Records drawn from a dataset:

--------------------

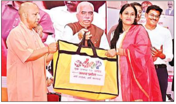
लखनऊ में हस्तशिल्पियों व कारीगरों को टूलकिट वितरित करते मुख्यमंत्री योगी। साथ में एमएसएमई मंत्री राकेश सचान।

अमृत विचार: मुख्यमंत्री योगी आदित्यनाथ ने कहा कि विश्वकर्मा दिवस पर ऐलान किया कि युवा उद्यमियों के लिए एक नई स्कीम आ रहा है। पहले चरण में पांच लाख और दूसरे चरण में 10 लाख का लोन उपलब्ध कराया जाएगा। इस योजना के अंतर्गत कुल 10 लाख युवाओं को स्वरोजगार के लिए प्रेरित करने का मार्ग प्रशस्त होगा।
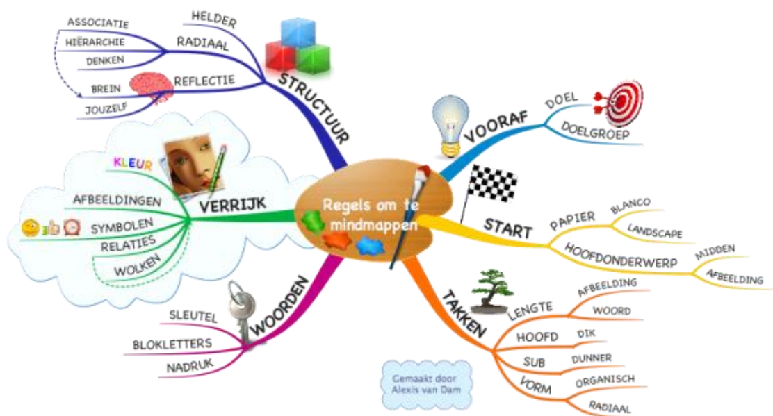
FIGUUR 1: EEN MINDMAP OVER HOE JE EEN MINDMAP MAAKT OP ALEXVANDAM.NL
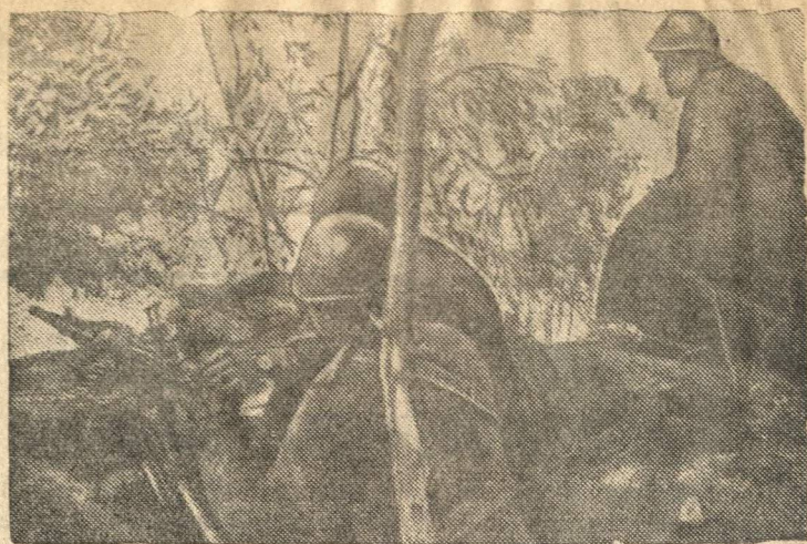
Итальянская огневая пулеметная позиция на греко-албанском фронте.
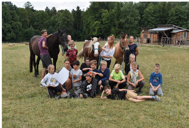
Obr. č. 27: Tábor na farmě v Bruzovicích
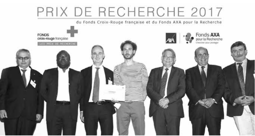
خلال انعقاد المؤتمر

للأبحاث، أن التضامن والتعاقد بين شرائح المجتمع هو الطريق السليم نحو غد أفضل. ونحن على قناعة راسخة بأن العلم يلعب دوراً حاسماً في تمكين الناس من تحديات العصر وبناء حياة أفضل، وهي واحدة من اهتمامات مجموعة أكسا. وبالإضافة إلى الدعم المالي، يدعم صندوق أبحاث أكسا الباحثين أيضاً في جهودهم لنشر أبحاثهم على الجمهور.
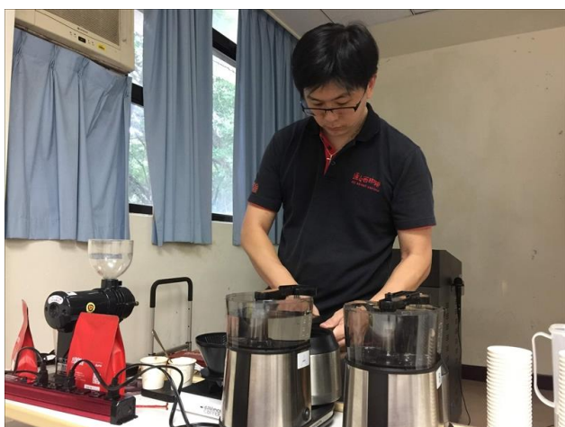
講師示範如何煮咖啡(1)
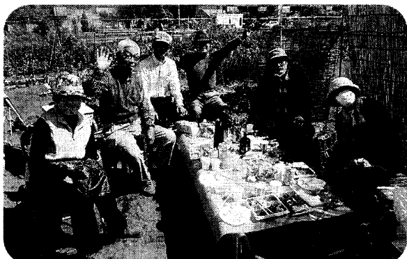
13人加入で全県1番の達成(茅ヶ崎支部) 撮影のためマスクを外しています

5月31日現勢 組合員 9,909人 機関紙 6,053部 2021年緊急署名 1,947筆
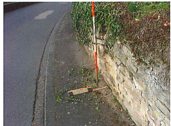
BIS 20 CM HERAUSGEDRÜCKT

[15] S=3, V=1, D=3 EP BSP-ID 136-05 Stützwand, massiv, Tragendes Mauerwerk, Stellenweise, Herausgedrückt, bis zu 20 cm, Maßnahme {1}
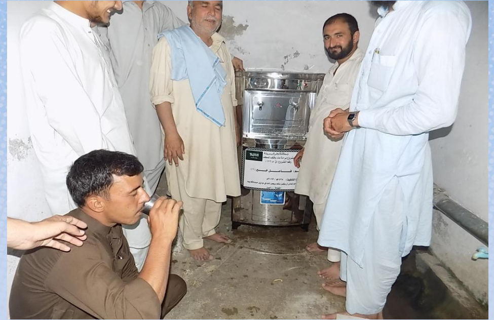
تقرير ختامي مشروع برادة ماء وقف لمسجد باسم / فاعل خير (١) (ق/م ١٢٦)
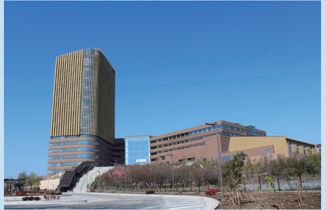
帝京大学八王子キャンパス
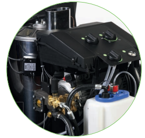
Leichter Zugang für Wartungsarbeiten
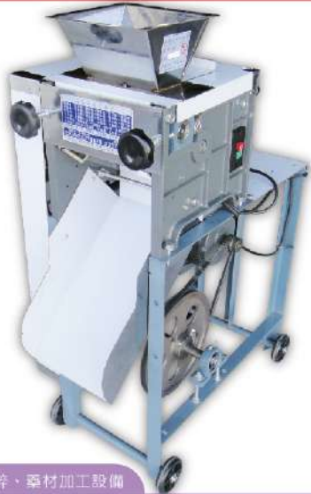
研磨粉碎、藥材加工設備

USK-81L 落地型堅果/芝麻/花生粉機 尺寸：42x78x110cm 滾輪尺寸：Ø88x210mm 馬力：1HP 用途：可改壓芝麻粉、花生粉、穀類雜糧壓碎
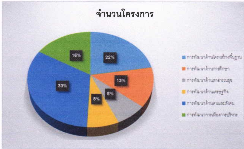
แผนภูมิวงกลม ประกอบตาราง ๑.งบประมาณรายจ่ายประจำปี พ.ศ. ๒๕๖๖
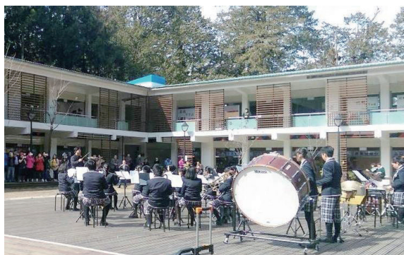
▲嘉義市博愛國小管樂表演。
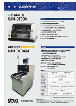
製品案内 表裏タイプ
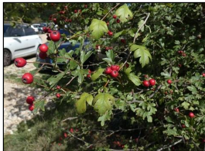
Aubépine à un style Crataegus monogyna
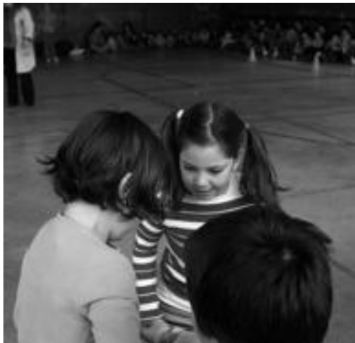
Zizurkil. Haur eta gurasoak jolasean aritu ziren frontoian. M.SOROA

--------------------

■ **About this task**
Would you reproduce, exactly and with nothing added, every line from the beginning of the entries above through the line that contains "अमृत विचार: मुख्यमंत्री", both included, leaving out the pictures?

■ **Response for this exercise**
लखनऊ में हस्तशिल्पियों व कारीगरों को टूलकिट वितरित करते मुख्यमंत्री योगी। साथ में एमएसएमई मंत्री राकेश सचान।

अमृत विचार: मुख्यमंत्री योगी आदित्यनाथ ने कहा कि विश्वकर्मा दिवस पर ऐलान किया कि युवा उद्यमियों के लिए एक नई स्कीम आ रहा है। पहले चरण में पांच लाख और दूसरे चरण में 10 लाख का लोन उपलब्ध कराया जाएगा। इस योजना के अंतर्गत कुल 10 लाख युवाओं को स्वरोजगार के लिए प्रेरित करने का मार्ग प्रशस्त होगा।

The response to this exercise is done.